_About this task_
From the entries below, report only the number of lines that contain the word "with".

_Entries provided_

..............................

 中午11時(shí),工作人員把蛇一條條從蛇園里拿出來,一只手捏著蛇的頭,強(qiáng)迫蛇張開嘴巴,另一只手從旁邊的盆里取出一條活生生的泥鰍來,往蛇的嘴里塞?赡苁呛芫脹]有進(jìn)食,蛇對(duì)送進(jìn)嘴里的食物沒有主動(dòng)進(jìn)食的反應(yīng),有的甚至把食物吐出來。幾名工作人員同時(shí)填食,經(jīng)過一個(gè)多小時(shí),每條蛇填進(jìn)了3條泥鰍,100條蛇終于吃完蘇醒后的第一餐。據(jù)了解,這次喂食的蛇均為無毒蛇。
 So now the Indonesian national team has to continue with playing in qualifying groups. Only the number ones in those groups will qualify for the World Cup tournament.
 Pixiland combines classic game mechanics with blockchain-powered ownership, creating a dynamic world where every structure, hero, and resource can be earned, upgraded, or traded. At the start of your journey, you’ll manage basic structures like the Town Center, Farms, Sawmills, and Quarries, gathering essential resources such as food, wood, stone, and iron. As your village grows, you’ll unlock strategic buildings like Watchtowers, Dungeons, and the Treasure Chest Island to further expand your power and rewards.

..............................

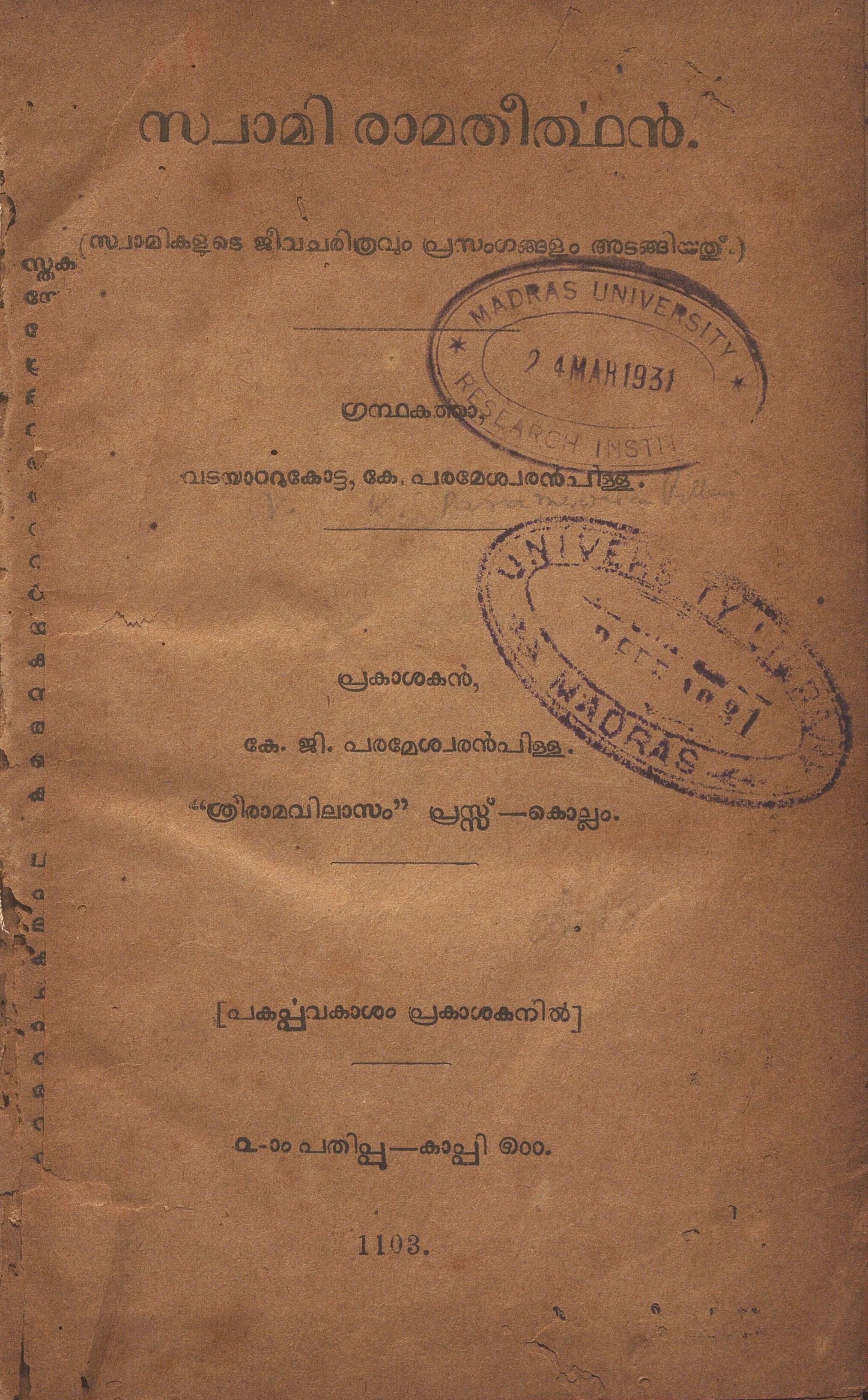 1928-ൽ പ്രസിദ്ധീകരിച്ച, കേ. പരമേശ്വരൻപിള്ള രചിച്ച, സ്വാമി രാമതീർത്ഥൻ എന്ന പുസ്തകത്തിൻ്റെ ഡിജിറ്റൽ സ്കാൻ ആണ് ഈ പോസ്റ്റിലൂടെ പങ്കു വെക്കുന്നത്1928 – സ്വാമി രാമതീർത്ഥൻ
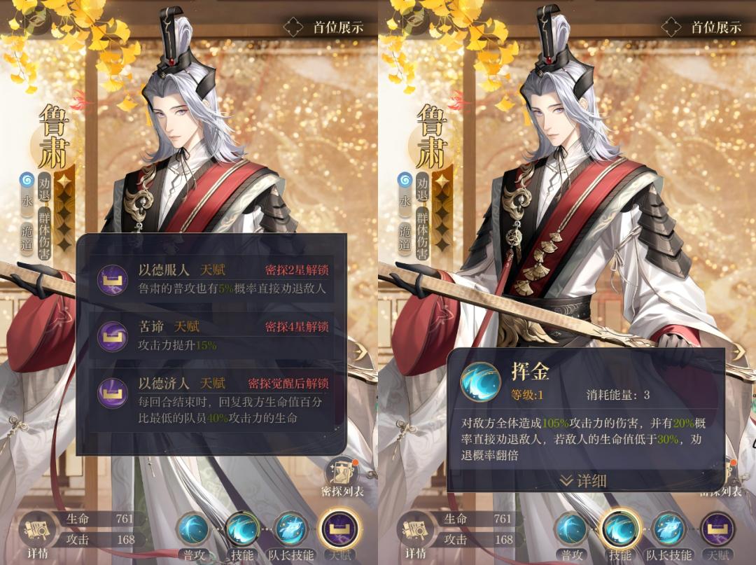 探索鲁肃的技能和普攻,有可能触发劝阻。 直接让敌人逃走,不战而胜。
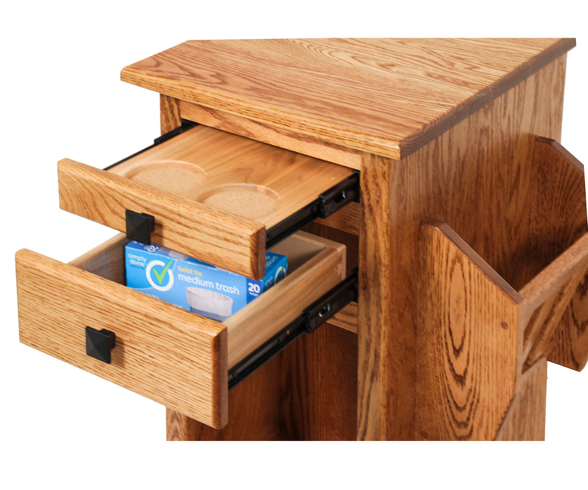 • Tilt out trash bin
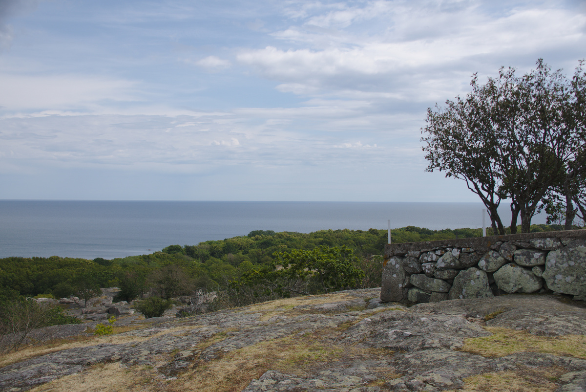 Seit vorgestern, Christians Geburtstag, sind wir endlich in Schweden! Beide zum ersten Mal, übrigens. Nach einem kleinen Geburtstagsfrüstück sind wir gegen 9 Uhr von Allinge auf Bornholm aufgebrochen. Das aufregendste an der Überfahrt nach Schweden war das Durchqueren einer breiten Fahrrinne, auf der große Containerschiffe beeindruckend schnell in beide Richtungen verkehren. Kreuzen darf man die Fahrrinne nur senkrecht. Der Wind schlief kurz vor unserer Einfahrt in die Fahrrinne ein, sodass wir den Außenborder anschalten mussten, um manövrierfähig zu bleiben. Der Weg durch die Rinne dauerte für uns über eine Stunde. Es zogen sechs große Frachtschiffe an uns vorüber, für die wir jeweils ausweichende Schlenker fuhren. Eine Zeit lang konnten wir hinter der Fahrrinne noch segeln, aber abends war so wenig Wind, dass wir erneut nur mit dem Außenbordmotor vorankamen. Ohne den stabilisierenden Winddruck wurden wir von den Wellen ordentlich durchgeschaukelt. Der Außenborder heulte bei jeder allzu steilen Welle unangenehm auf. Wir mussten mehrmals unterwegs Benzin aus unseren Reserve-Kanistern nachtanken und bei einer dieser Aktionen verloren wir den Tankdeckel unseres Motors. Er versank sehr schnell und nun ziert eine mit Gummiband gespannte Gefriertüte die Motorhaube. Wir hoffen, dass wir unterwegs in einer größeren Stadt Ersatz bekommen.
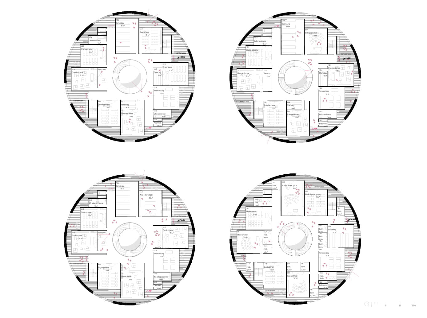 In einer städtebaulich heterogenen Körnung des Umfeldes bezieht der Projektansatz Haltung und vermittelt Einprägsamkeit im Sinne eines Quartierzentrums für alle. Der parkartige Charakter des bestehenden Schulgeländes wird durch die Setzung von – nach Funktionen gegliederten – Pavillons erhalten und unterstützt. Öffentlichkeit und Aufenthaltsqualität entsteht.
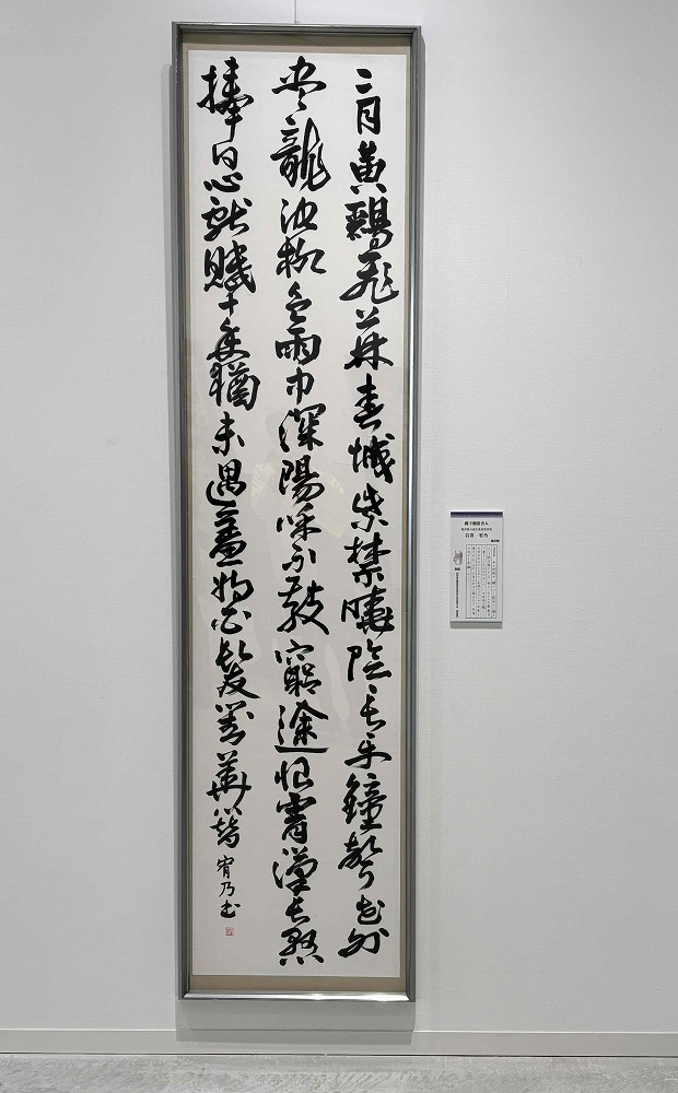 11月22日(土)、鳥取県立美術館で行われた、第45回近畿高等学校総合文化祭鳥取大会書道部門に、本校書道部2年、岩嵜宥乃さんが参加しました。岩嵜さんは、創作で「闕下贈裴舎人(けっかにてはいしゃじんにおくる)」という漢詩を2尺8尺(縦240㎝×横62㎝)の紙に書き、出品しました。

..............................

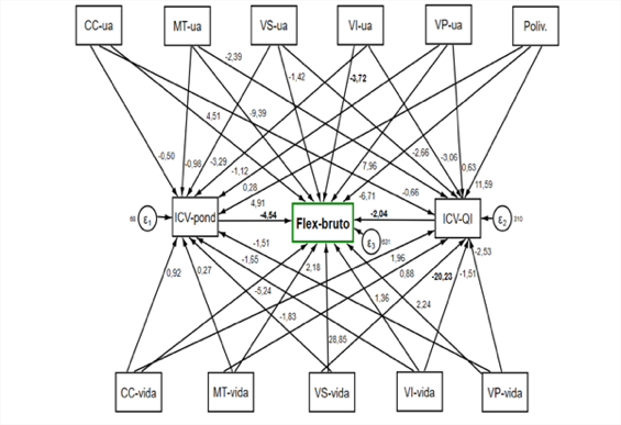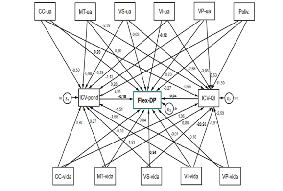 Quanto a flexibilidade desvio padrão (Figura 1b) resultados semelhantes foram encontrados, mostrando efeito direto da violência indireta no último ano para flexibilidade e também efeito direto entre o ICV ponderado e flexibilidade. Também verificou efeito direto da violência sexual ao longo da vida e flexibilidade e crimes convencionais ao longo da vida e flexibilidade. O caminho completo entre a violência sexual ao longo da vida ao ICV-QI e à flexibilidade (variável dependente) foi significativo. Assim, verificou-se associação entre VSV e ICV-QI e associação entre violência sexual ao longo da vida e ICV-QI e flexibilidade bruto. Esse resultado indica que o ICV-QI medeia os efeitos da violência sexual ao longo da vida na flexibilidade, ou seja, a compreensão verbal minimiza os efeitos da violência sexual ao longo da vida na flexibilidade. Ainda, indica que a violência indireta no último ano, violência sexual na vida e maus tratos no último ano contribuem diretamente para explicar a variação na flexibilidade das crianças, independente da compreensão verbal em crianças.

..............................

_Exercise answer_
2